Memory hierarchy is a concept in computer architecture that organizes memory storage based on various characteristics such as access speed, size, and cost. The idea is to provide fast access to the most frequently used data while managing larger, slower storage devices for less frequently used information. Memory hierarchy structures typically have multiple levels, each offering different trade-offs in terms of response time, capacity, and cost. These levels are organized from the fastest, smallest, and most expensive memory at the top, to the slowest, largest, and cheapest memory at the bottom.

• Grasping the concept of memory hierarchy (registers, cache, main memory, secondary storage) and how data moves between these levels.
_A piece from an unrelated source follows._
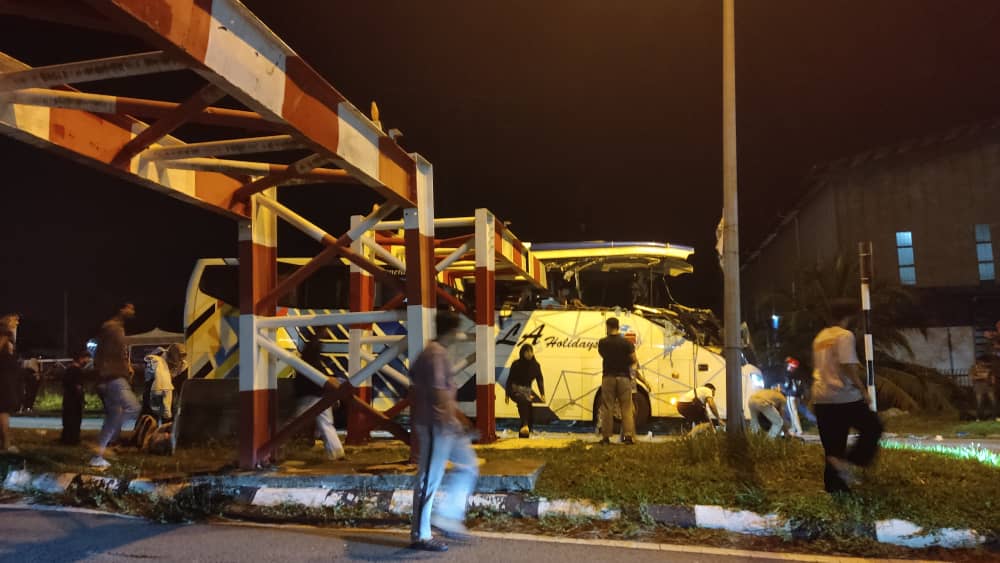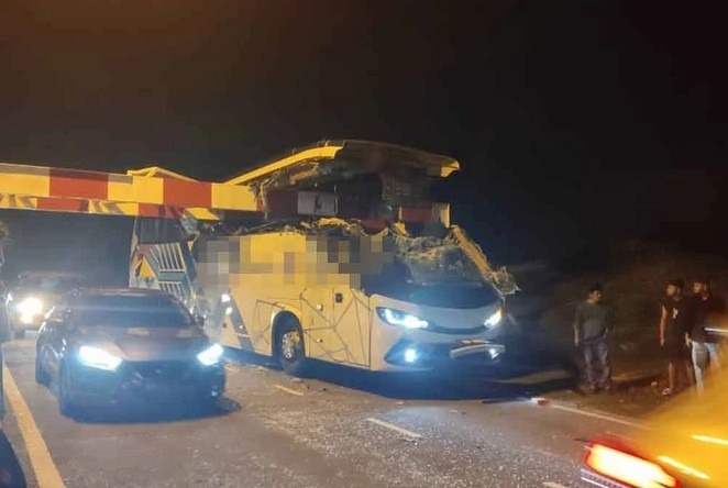 加影警区主任纳兹荣助理总监发文告指出,62岁巫裔男子当时驾驶一辆载有19名成人和3名儿童的长途巴士,从关丹往森美兰及马六甲,结果在上述路段时因使用导航系统,没有注意到限高杆而撞上。

• It requires understanding trade-offs between speed, size, and cost across different memory types.
• Learning about cache organization (direct-mapped, fully associative, and set-associative) and replacement policies (LRU, FIFO, etc.) Balancing performance with complexity, and understanding how caches improve speed but introduce design overhead..
• Determining the correct number of address lines for the required memory size.
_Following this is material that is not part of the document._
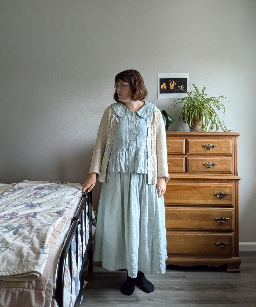 Wearing my much mended secondhand cotton cardigan and a blouse and skirt sewn from a secondhand linen duvet cover (blouse is adapted from the Matchy Matchy High Tide set).

• Managing read and write operations with control signals (enable, read, write).
• Synchronizing memory operations with clock signals.
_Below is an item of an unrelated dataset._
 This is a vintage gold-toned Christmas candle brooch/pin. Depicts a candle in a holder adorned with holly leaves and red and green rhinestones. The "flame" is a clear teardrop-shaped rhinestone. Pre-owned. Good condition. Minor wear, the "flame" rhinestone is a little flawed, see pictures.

• Gained insight into memory organization, including RAM, ROM, and the role of address lines in determining memory size.
• Learned how to configure memory addressing using decoders and address lines to map data correctly to memory locations.
• Understood how to synchronize read and write operations using control signals and clock pulses.
• Improved my ability to troubleshoot and debug complex memory circuits, identifying and fixing common errors like data corruption and misaddressing.
• Learned how memory systems integrate with processors and other components, emphasizing compatibility in data width and control logic.